Project Sanctions on the Rise
Tuesday 11 July 2017
The number of projects reaching a final investment decision is on the rise this year, according to research by consultancy group Wood Mackenzie.
Wood Mackenzie claims the number of projects reaching FID in 2017 could more than double to 25, compared to just 12 last year.
The number of projects progressing to FID has already surpassed last year’s figure, with 15 projects sanctioned in the first half of the year.
However, the sanctioned projects have been smaller in size overall, equating to about 8 billion barrels of oil equivalent of reserves compared to 8.8 billion boe over the 12 projects sanctioned last year.
However, Wood Mackenzie believes up to another 10 projects could reach FID before the end of the year which represent another 11 billion boe of reserves.
Wood Mackenzie Asia Pacific research director Angus Rodger said there were positive signs the upstream industry was continuing to recover as more competitive conventional projects were moving down the cost curve sufficiently to attract new investment.
"Eleven of the 15 project sanctions year-to-date are either brownfield expansions on existing fields, satellite developments or subsea tiebacks,” he added.

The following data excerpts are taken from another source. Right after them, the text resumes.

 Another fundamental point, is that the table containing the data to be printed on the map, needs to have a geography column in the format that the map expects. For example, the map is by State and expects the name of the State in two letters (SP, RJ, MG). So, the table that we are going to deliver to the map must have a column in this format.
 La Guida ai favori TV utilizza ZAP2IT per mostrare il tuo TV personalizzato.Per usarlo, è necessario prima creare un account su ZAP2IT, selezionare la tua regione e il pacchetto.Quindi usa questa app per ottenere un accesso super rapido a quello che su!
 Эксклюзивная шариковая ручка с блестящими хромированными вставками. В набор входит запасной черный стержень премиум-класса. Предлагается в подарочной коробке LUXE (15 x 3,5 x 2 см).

“Not only are these projects less risky than greenfield developments, they also tend to be less capital-intensive and are quicker to bring onstream, offering a quicker payback and better returns on development dollars.”
Roger noted project capital expenditure was down to $11 per boe compared to $15 per boe in 2015.

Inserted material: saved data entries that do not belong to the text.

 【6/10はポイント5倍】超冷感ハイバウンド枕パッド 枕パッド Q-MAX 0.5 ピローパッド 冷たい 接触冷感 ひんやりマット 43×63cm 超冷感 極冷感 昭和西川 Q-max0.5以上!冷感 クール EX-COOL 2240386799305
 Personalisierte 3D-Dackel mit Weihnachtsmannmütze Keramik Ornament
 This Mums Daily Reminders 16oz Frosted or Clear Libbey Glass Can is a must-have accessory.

Wood Mackenzie also found that oil majors were the largest players in the FID scene, with eight of the project sanctions so far this year operated by majors.
It added that of the 35 mid-to-large projects sanctioned since the start of 2015, 19 were operated by oil majors and accounted for just under 14 billion boe of the 22 billion boe total of commercial reserves sanctioned.
National oil companies meanwhile have been less active, operating less than 1 billion boe of the sanctioned commercial reserves since 2015.
Wood Mackenzie warned NOCs needed to be on the lookout for new investment opportunities or face the risk of “significant production declines” from 2020 onwards.